Once Habib was known to have fallen, the Ifriqiyan troops felt no compulsion to remain in the field with the hateful Syrians, and quickly broke ranks and fled, leaving the Syrians to fight alone. The defeat turned into a rout. Some two-thirds of the Arab forces, including the governor Kulthum, were either killed or captured by the Berbers.

The Ifriqiyan remnant fled in a scattered manner back to Kairouan, while the remainder of the Syrian army, held together by Balj ibn Bishr, scampered to Ceuta and secured passage over to al-Andalus. Habib's eldest son, Abd al-Rahman ibn Habib al-Fihri, survived the battle and accompanied the Syrians to Spain.

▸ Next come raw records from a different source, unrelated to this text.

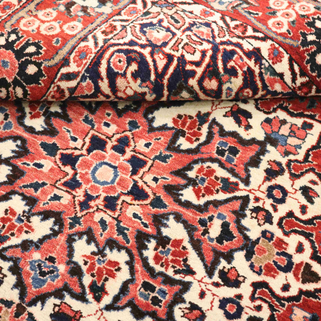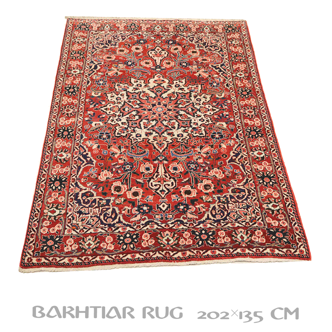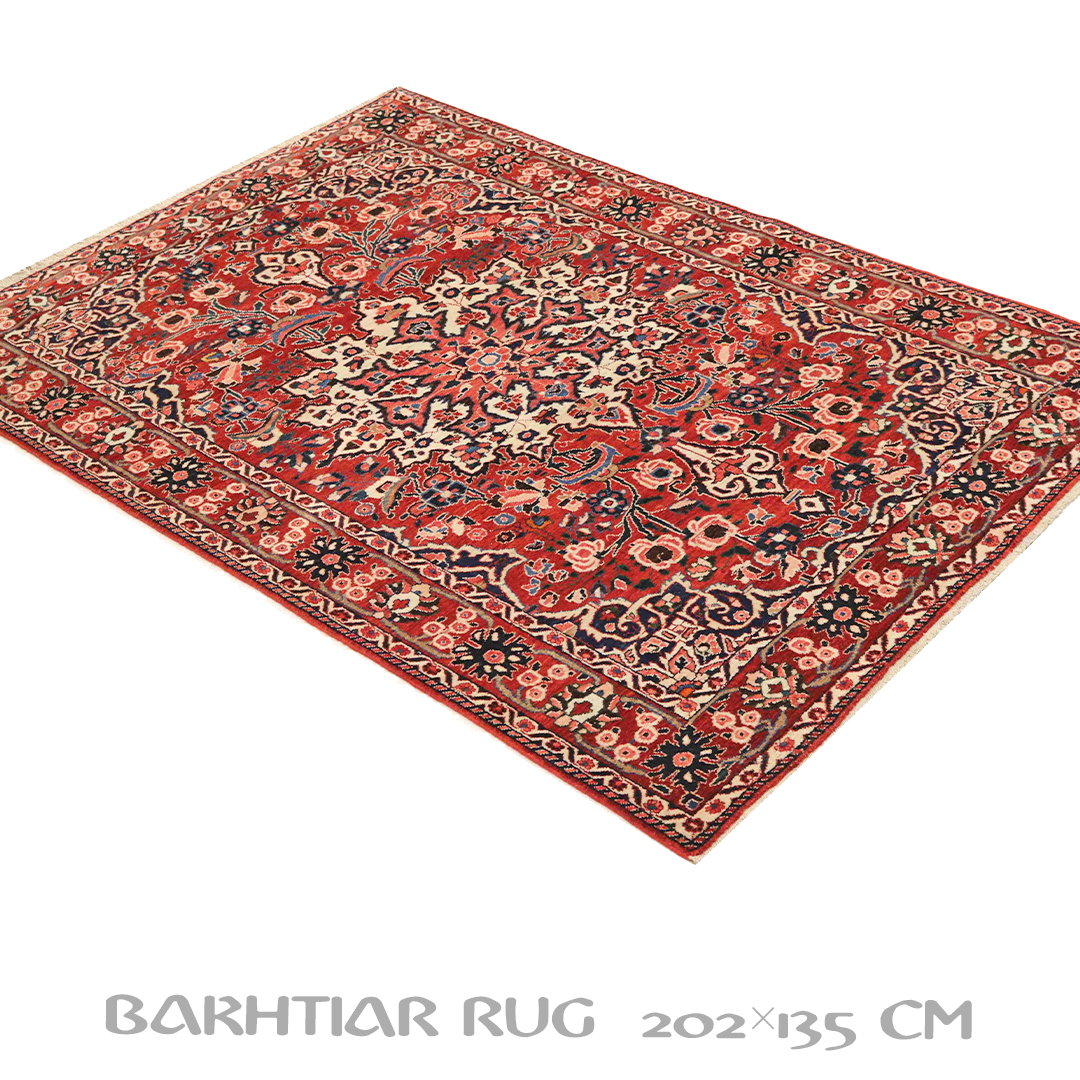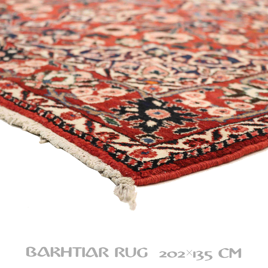 کد فرش:319932 -فرش دستبافت بختیاربه شکل مستطیل ودر ابعاد: 202سانتیمترمربع و عرض:135سانتیمترمربع درایل بختیار بافته شده است،جنس چله فرش از پشم و جنس پودها از پشم میباشد ،رنگ زمینه فرش قرمز و رنگ حاشیه قرمز است ،رنگها گیاهی و ثابت است در اثر شستشو دچار تغییر رنگ و پس دادن و پخش شدن رنگ در فرش نمیشود،مساحت که فرش در منزل شما اشغال میکند 2.72متر مربع میباشد،ضخامت و قطر آن در حدود ۱۵میلی متر ودارای وزن 9.54کیلوگرم است،در بافت فرش از نقوش ترنج استفاده شده و طرح خاص و بی نظیر میباشد .نحوه ی رنگرزی سنتی با استفاده از رنگهای گیاهی طبیعی و ارگانیک میباشد،و همین امر فرش را خوش رنگ و باکیفیت کرده است.
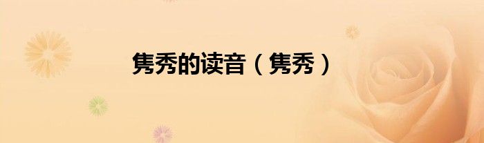 关于隽秀的读音,隽秀这个很多人还不知道,今天菲菲来为大家解答以上的问题,现在让我们一起来看看吧!
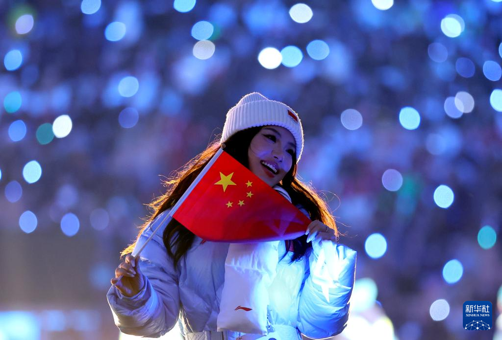 2月6日,中国体育代表团成员王诗玥在开幕式上。

Habib was survived by several sons, notably Abd al-Rahman, Ilyas, Abd al-Wareth and Amran. In 745, they took over and ruled Ifriqiya as a Fihrid family dominion. One of Habib's son's, Ismail ibn Habib al-Fihri, would forgo the coast and family politics and head inland to organize campaigns against the desert-dwelling nomadic Berbers below the Sous valley, pushing into the region of what is now Western Sahara and Mauritania. It is reported by one of his commanders that, by the 730s, their expeditions had reached as far south as "the Nile" (the Senegal River).

==Sources==
- Ibn Khaldun, Histoire des Berbères et des dynasties musulmanes de l'Afrique, 1852 trans., Algiers.
- Hrbek, Ivan (1992), Africa from the Seventh to the Eleventh Century, 3rd, University of California Press
- Julien, Charles-André, Histoire de l'Afrique du Nord, des origines à 1830, édition originale 1931, réédition Payot, Paris, 1961
- Abd al-Wahid Dhannun Taha, The Muslim conquest and settlement of North Africa and Spain, 1989, London, Routledge.